México es un país maravilloso, donde se habla buen castellano y hay un gusto por hablarlo mejor. Déjenme explicarme. Casi diario tomo taxi de calle. Me gusta sentarme en el asiento de atrás y sacar conversación al taxista en turno. Gracias a este método he aprendido verdaderas joyas de la idiosincrasia mexicana.
El mes pasado, en uno de esos trayectos, me topé con un taxista mal afeitado y de apariencia un tanto sucia. Reconozco, apenado, que me dejé llevar por mis prejuicios. Aun así quise intentar un diálogo. Estaba a punto de hacerlo cuando el taxista frenó en seco al doblar una esquina. Entre cláxones desesperados se escuchó: «si pa’ menso no se estudia, ¡p… !». Hubo réplica: «gracias, tocayo». El taxista, arrancó el auto, me miró por el retrovisor, como si nada, y en ese momento abandoné toda esperanza de una buena conversación.
Sin embargo, un par de cuadras adelante el taxista rompió el silencio: «Oiga, ¿sabe que esta colonia se llama: el ‘sueño mariguano’ del revolucionario?». Al ver mi cara de sorpresa, pues yo me sabía en la Escandón, me indicó que estábamos en la esquina de Progreso y Prosperidad, y que si le unía el nombre de la calle de atrás salía el lema completo: Unión, Progreso y Prosperidad.

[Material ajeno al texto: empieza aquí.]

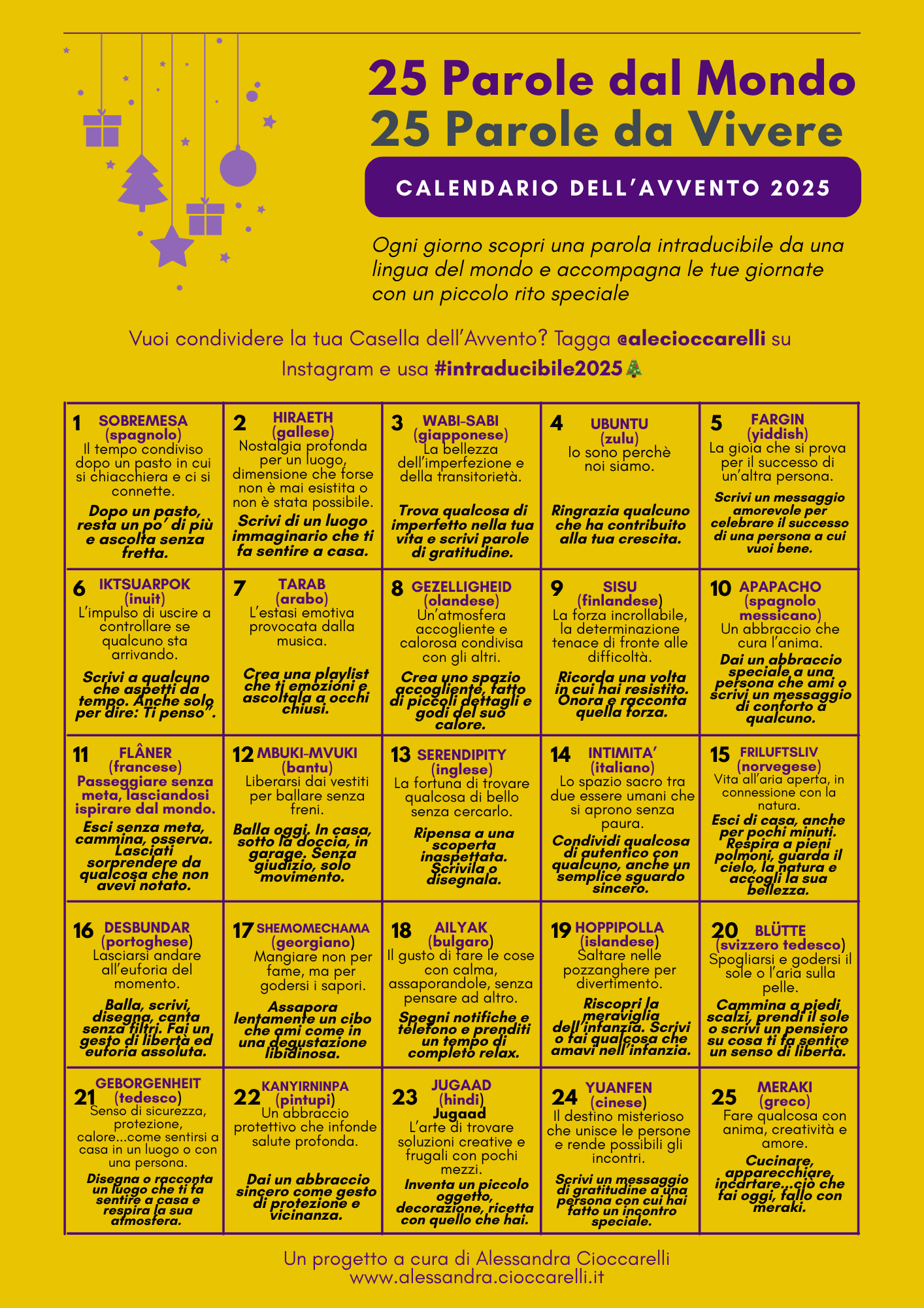 Scarica gratuitamente il Calendario dell'Avvento...intraducibile! Ogni giorno scopri una parola intraducibile da una lingua del mondo e accompagna le tue giornate con un piccolo rito speciale di scrittura, creatività, amicizia...e molto altro.

Resultó que aquel taxista de aspecto descuidado, condenado por mi prejuicio a la incultura, se divierte así con nombres de calles, colonias y metros. Un gusto cotidiano mantenido por 30 años. Afición que le ha llevado a ampliar su vocabulario y a leer grandes obras de literatura en busca de sinónimos. Sólo por seguir jugando, conoció de primera mano a la mayor parte de los autores mexicanos consagrados y ahora ya lleva leídos una buena parte de los del Siglo de Oro español. Con todo lo aprendido, molesta a sus hijas con sinónimos de palabras cotidianas, incomprensibles para ellas.

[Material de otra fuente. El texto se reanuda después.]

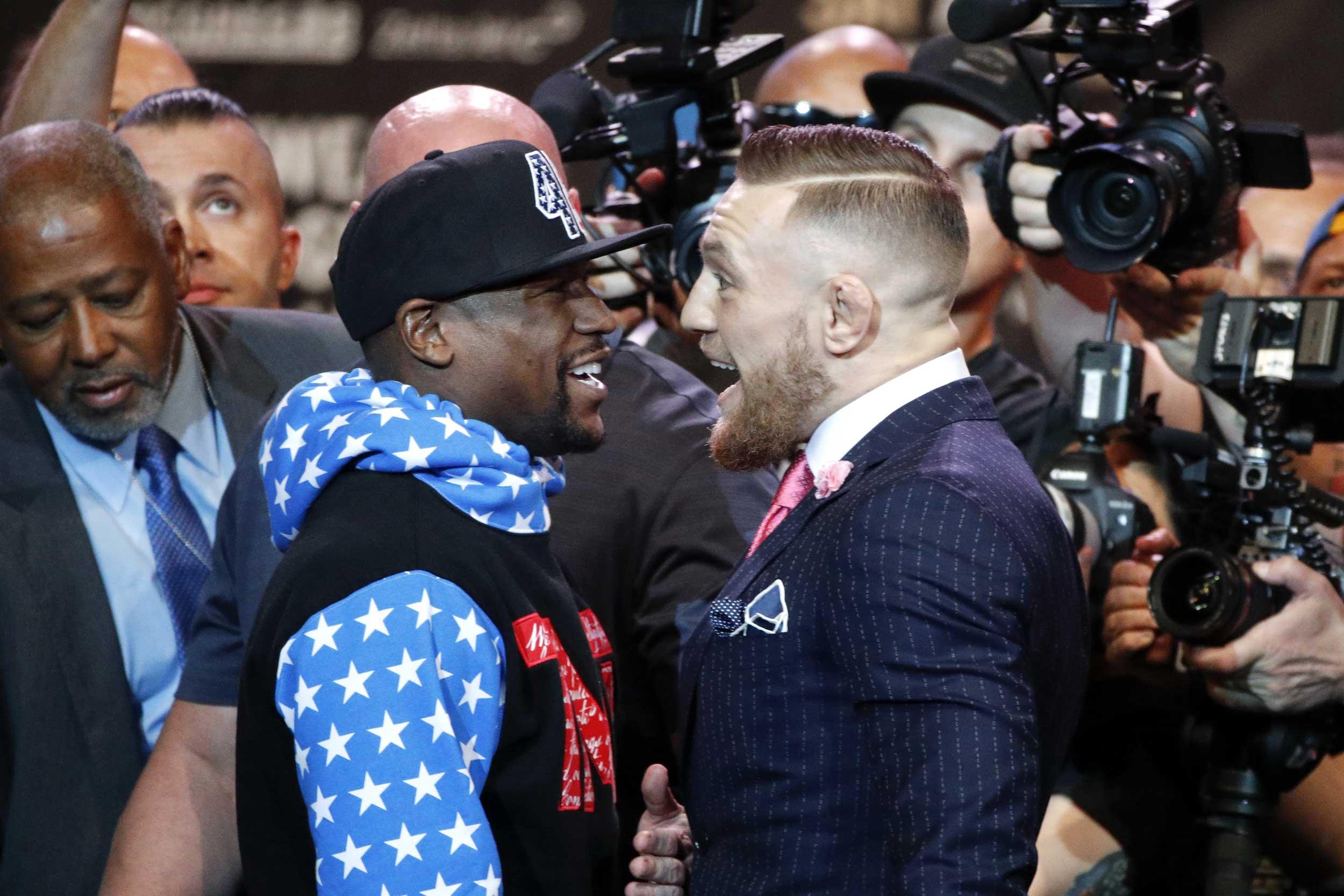 It wasn’t quite the "shit show" that UFC president Dana White predicted it would be, even if there were flashes when it was the kind of show in which circus dung was a key ingredient. By the time the tour reaches London on Friday, all bets are off, but on Tuesday the novelty of what Mauro Ranallo called "a once-in-a-lifetime happening" playing out in real time swept up the moment. There was McGregor (0–0), decked to the nines in a tailor-made suit, standing across from Mayweather (49–0), who wore a patriotic "TMT" hoodie. There they were — two record-breaking capitalists from different realms finally squaring off in a pre-war détente, staring into the money vaults of each other’s eyes.

Así la conversación, que se preveía anodina, me ayudó a confirmar una sospecha: México presta especial atención al lenguaje. Mientras en otras partes vemos cómo la gente va vestida, en México se examina cómo se expresa. Es común escuchar: «no le creas una palabra, no ves cómo habla» o «es demasiado fresa, no puede quitarse la papa de la boca».
Mientras que a lo largo del mundo puede verse en cualquier noticiero a alguien que al ser entrevistado a pie de banqueta articula sin mayor complejo un relato más o menos coherente con las pocas palabras que atesora, los mexicanos saben que el lenguaje denota cultura. Por eso, cuando alguien no lo domina, cantinflea buscando palabras rebuscadas en un esfuerzo por verse mejor, como si en México el castellano se estirase al infinito para dejar en los extremos de una línea continua un alto y un bajo castellano: un idioma grandilocuente, preciso y barroco destinado a discursos y explicaciones; y un castellano ágil y sibilino, destinado a lo superfluo, al albur y al grito incontestable con el que se rubrica una discusión en el tráfico. En medio, todo lo demás.
Por eso reitero: México es un país maravilloso donde se habla un castellano rico y versátil, lleno de matices que se mueven entre la elegancia del barroco y la vivacidad de la barriada. Pero, sobre todo, donde hay enorme interés por hablarlo mejor. O, al menos, por vestirlo de gala en ocasiones especiales. Si no me creen corran a la calle y suban a un taxi.